The moment we honestly understand ourselves the world will appear to be right.


----------



## Imperial (Feb 9, 2011)

kids unsupervised on youtube.


----------



## Imperial (Feb 9, 2011)

... come to think of it , anyone who volunteers to get shot at by a paintball gun . check out the welts he gets .  








i cringed , its kinda horrifying to see . im scarred just watching it . btw- its extreme paintball injury and stupidity .


----------



## Jakerock (Mar 8, 2012)

The airsoft video made me feel so sad and weird. I turned it off after 25 seconds.


----------



## strikewzen (Jun 18, 2010)

hrawk that song is not very good mate


----------



## jayw81 (Dec 11, 2011)

Imperial said:


> ... come to think of it , anyone who volunteers to get shot at by a paintball gun . check out the welts he gets .
> 
> 
> 
> ...


Ho. Ly. ****... WTF is that??

There's extreme, then there's insanity, then there's that!!


----------



## Dayhiker (Mar 13, 2010)

That paintball insanity. . . I can understand volunteering to take one shot, just out of morbid curiosity. Beyond that, it's just freaky!


----------



## Whiteleather (Feb 4, 2012)

Something is wrong when the US GOVERNMENT takes away my incandescent light bulbs to save energy...but NASCAR is allowed to continue. I can't read with compact fluorescents because they hum and flicker. It gives me a headache. NASCAR also gives me a headache.
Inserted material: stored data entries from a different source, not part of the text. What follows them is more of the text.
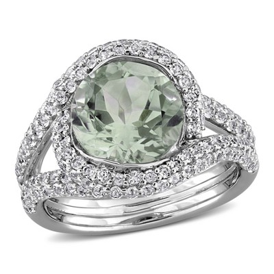 EVERLY JEWELRY |Yellow Plated Sterling Silver 8 CT TGW Green Quartz Peridot Solitaire Ring Black Rhodium Plated
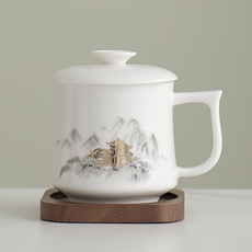 羊脂玉瓷茶杯办公室个人专用马克杯带盖陶瓷杯子家用水杯伴手礼品
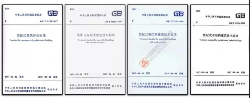 在國家引導和大力扶持下,裝配式建筑正朝著規(guī)范化方向穩(wěn)步發(fā)展,現行標準不斷完善。目前,我國在裝配式建筑領域遵循的國家標準主要有一本評價標準、三本技術標準。
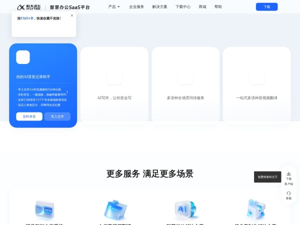 讯飞听见(全称:讯飞听见-免费在线录音转文字-语音转文字-录音整理-语音翻译软件企业 )于2026年02月12日收录在本站AI办公分类目录,并成功建立了索引服务,供搜索引擎抓取/蜘蛛爬行/用户查找/检索服务;截至目前为止,本站已有 32个网友浏览了讯飞听见网站。
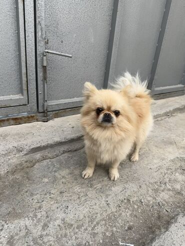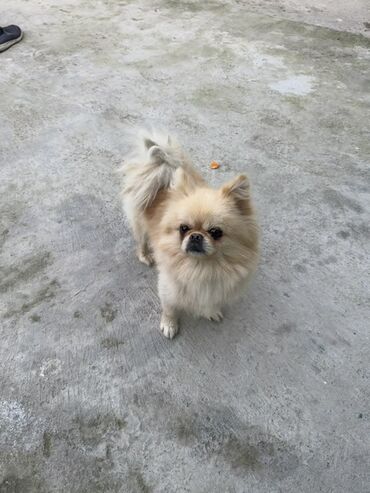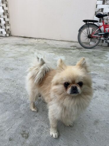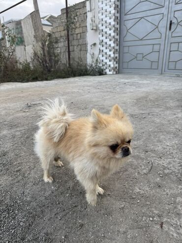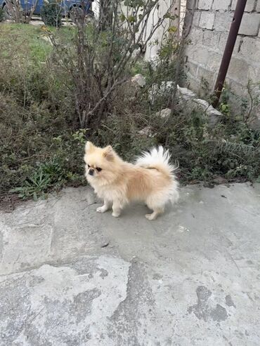 Pomeranian (Spitz) balası – kiçik ölçülü, yığcam və çox şirin tüklü it. Şəkillərdə görünən it: - Rəng: krem–şaftalı qarışıq, ağ quyruq tükləri ilə - Xəz: qalın, yumşaq, bol yalı və tüklü quyruq - ...

Something is wrong when my local greenies want me to conserve my rain water in NY State, but golf courses are OK in the Nevada desert. Rain collection systems are labor and time intensive. The results are barrels of non-potable, stagnant water I have to treat for algae and mosquitoes.

Something is wrong when my grocery store carries strawberries from Mexico because we shipped all ours to England. Mexico can't ship to England because they were never an English colony. We ship to England because we can overcharge them...then we import the same product from a foreign country because we can underpay them.

Something is wrong when my local rabbit producer can sell me a Chinese farmed rabbit for 1/2 the cost of raising it myself.

Something is wrong when solar panels cannot be made economically in the US, so those companies move to China for production. The US answer: add prohibitive tariffs to those foreign made panels so they are just a non-economical as making them here.

The list goes on.


----------



## treefork (Feb 1, 2010)

i hear what your sayin.


----------



## lightgeoduck (Apr 3, 2011)

"Good enough for me"


----------



## RedRubber (Nov 8, 2011)

Well, to start with...Daylight saving time! What fool thought that up?
Mandatory seat belt laws for adults....a bummer
Putting limits on fish, but its okay to keep fishing after you've caught your limit, but you have to throw them back, even though some probably will die. Go figure.
Having Marijuana illegal is wrong. I'd rather deal with someone high on grass than someone drunk on booze.
The list goes on, but this is getting me depressed just thinking about it. I think I'm going unpress myself.


----------